5.3: Drinks for Sale

A vending machine in an office building sells bottled beverages. The machine keeps track of all changes in the number of bottles from sales and from machine refills and maintenance. This record shows the changes for every 5-minute period over one hour.

  1. What might a positive number mean in this context? What about a negative number?
  2. What would a “0” in the second column mean in this context?
  3. Which numbers—positive or negative—result in fewer bottles in the machine?
  4. At what time was there the greatest change to the number of bottles in the machine? How did that change affect the number of remaining bottles in the machine?
  5. At which time period, 8:05–8:09 or 8:25–8:29, was there a greater change to the number of bottles in the machine? Explain your reasoning.
  6. The machine must be emptied to be serviced. If there are 40 bottles in the machine when it is to be serviced, what number will go in the second column in the table?
time number of bottles
8:00–8:04 -1
8:05–8:09 +12
8:10–8:14 -4
8:15–8:19 -1
8:20–8:24 -5
8:25–8:29 -12
8:30–8:34 -2
8:35–8:39 0
8:40–8:44 0
8:45–8:49 -6
8:50–8:54 +24
8:55–8:59 0

Priya, Mai, and Lin went to a cafe on a weekend. Their shared bill came to \$25. Each student gave the server a \$10 bill. The server took this \$30 and brought back five \$1 bills in change. Each student took \$1 back, leaving the rest, \$2, as a tip for the server.

As she walked away from the cafe, Lin thought, “Wait—this doesn’t make sense. Since I put in \$10 and got \$1 back, I wound up paying \$9. So did Mai and Priya. Together, we paid \$27. Then we left a \$2 tip. That makes \$29 total. And yet we originally gave the waiter \$30. Where did the extra dollar go?”

Think about the situation and about Lin’s question. Do you agree that the numbers didn’t add up properly? Explain your reasoning.


Sometimes we represent changes in a quantity with positive and negative numbers. If the quantity increases, the change is positive. If it decreases, the change is negative.
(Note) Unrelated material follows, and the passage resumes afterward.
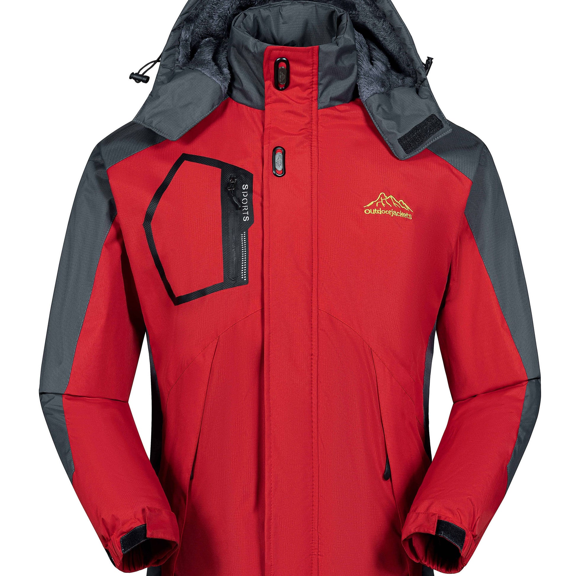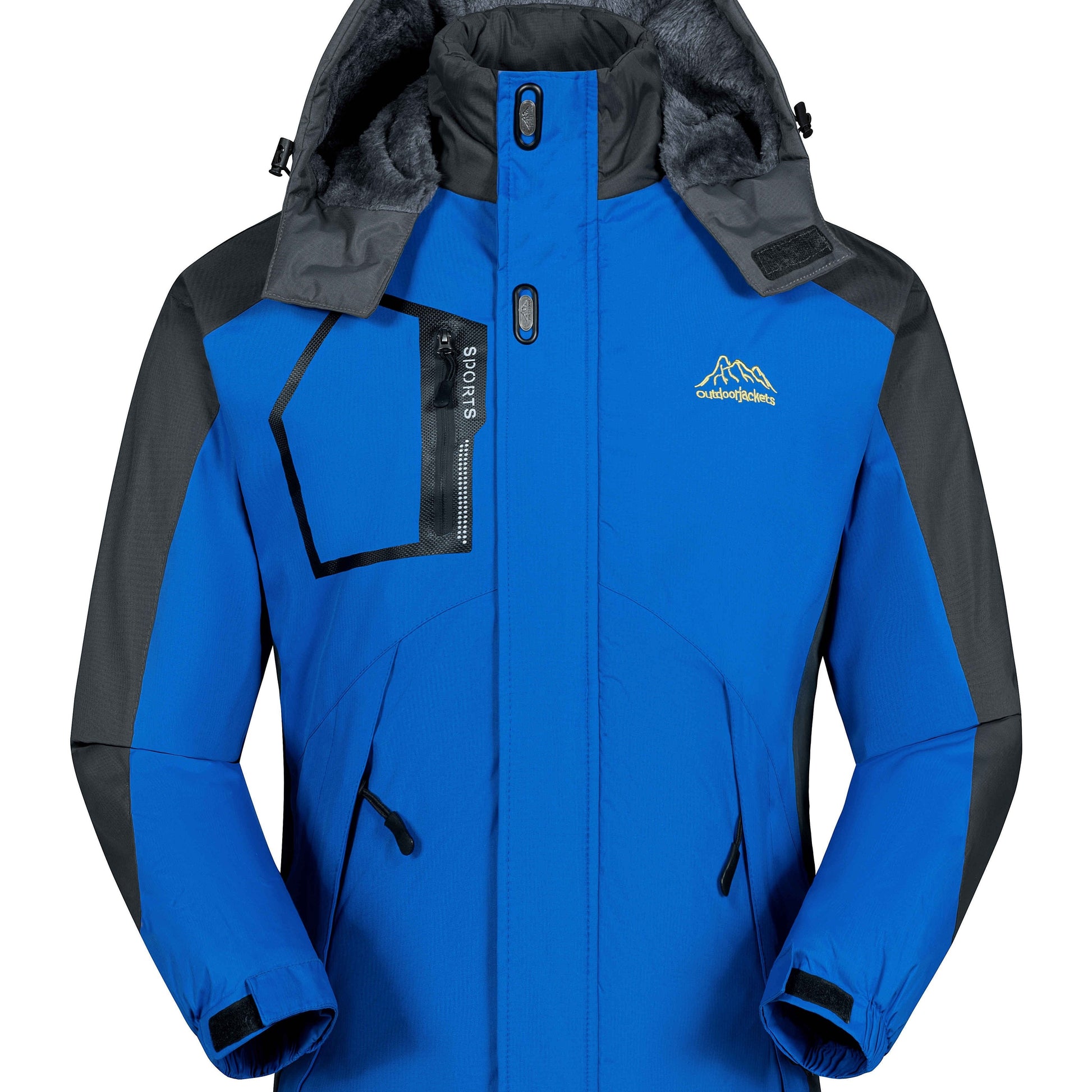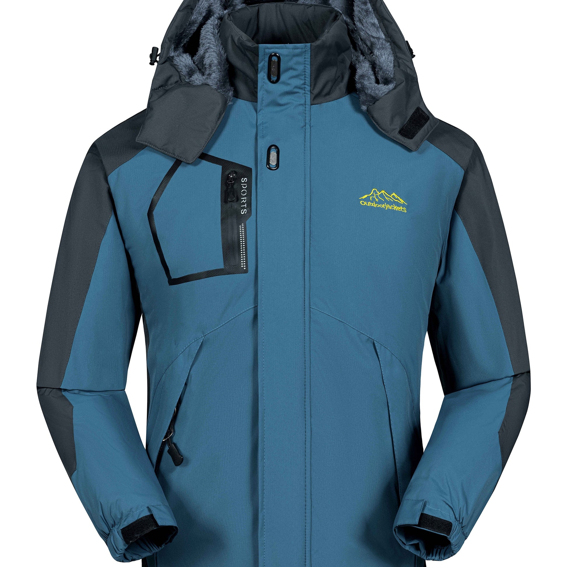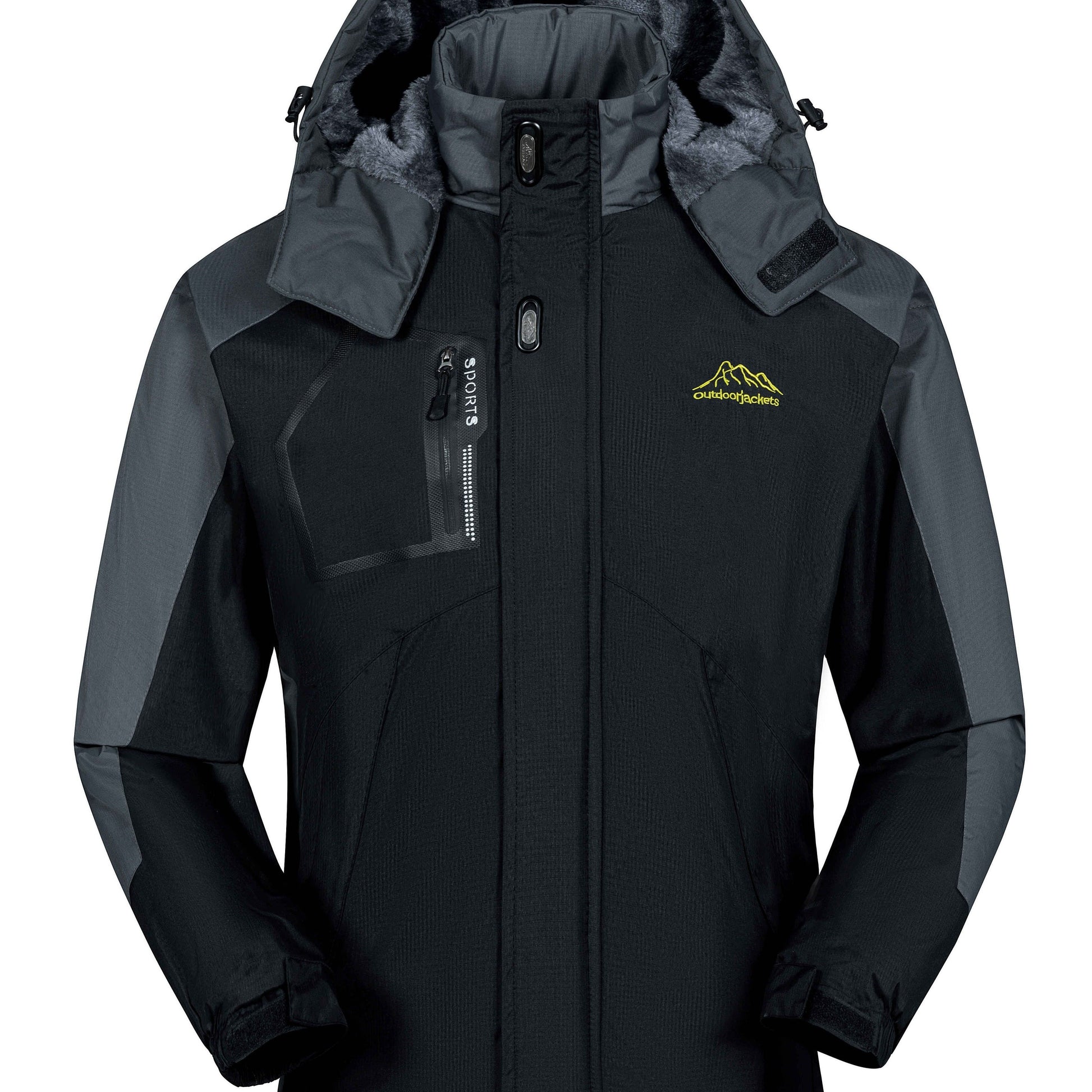 Erkaklar uchun izolyatsiyalangan qishki shamol o'tkazmaydigan kurtka - Fleece bilan qoplangan, suv o'tkazmaydigan va shamol o'tkazmaydigan, kapüşonli, zipli cho'ntaklar bilan, qora va kulrang, sovuq ob-havo uchun tasodifiy uslub.

  • Suppose 5 gallons of water is put in a washing machine. We can represent the change in the number of gallons as +5. If 3 gallons is emptied from the machine, we can represent the change as -3.

It is especially common to represent money we receive with positive numbers and money we spend with negative numbers.

  • Suppose Clare gets \$30.00 for her birthday and spends \$18.00 buying lunch for herself and a friend. To her, the value of the gift can be represented as +30.00 and the value of the lunch as -18.00. 

Whether a number is considered positive or negative depends on a person’s perspective. If Clare’s grandmother gives her \$20 for her birthday, Clare might see this as +20, because to her, the amount of money she has increased. But her grandmother might see it as -20, because to her, the amount of money she has decreased.

In general, when using positive and negative numbers to represent changes, we have to be very clear about what it means when the change is positive and what it means when the change is negative.

Video Summary

Glossary Entries

  • negative number

    A negative number is a number that is less than zero. On a horizontal number line, negative numbers are usually shown to the left of 0.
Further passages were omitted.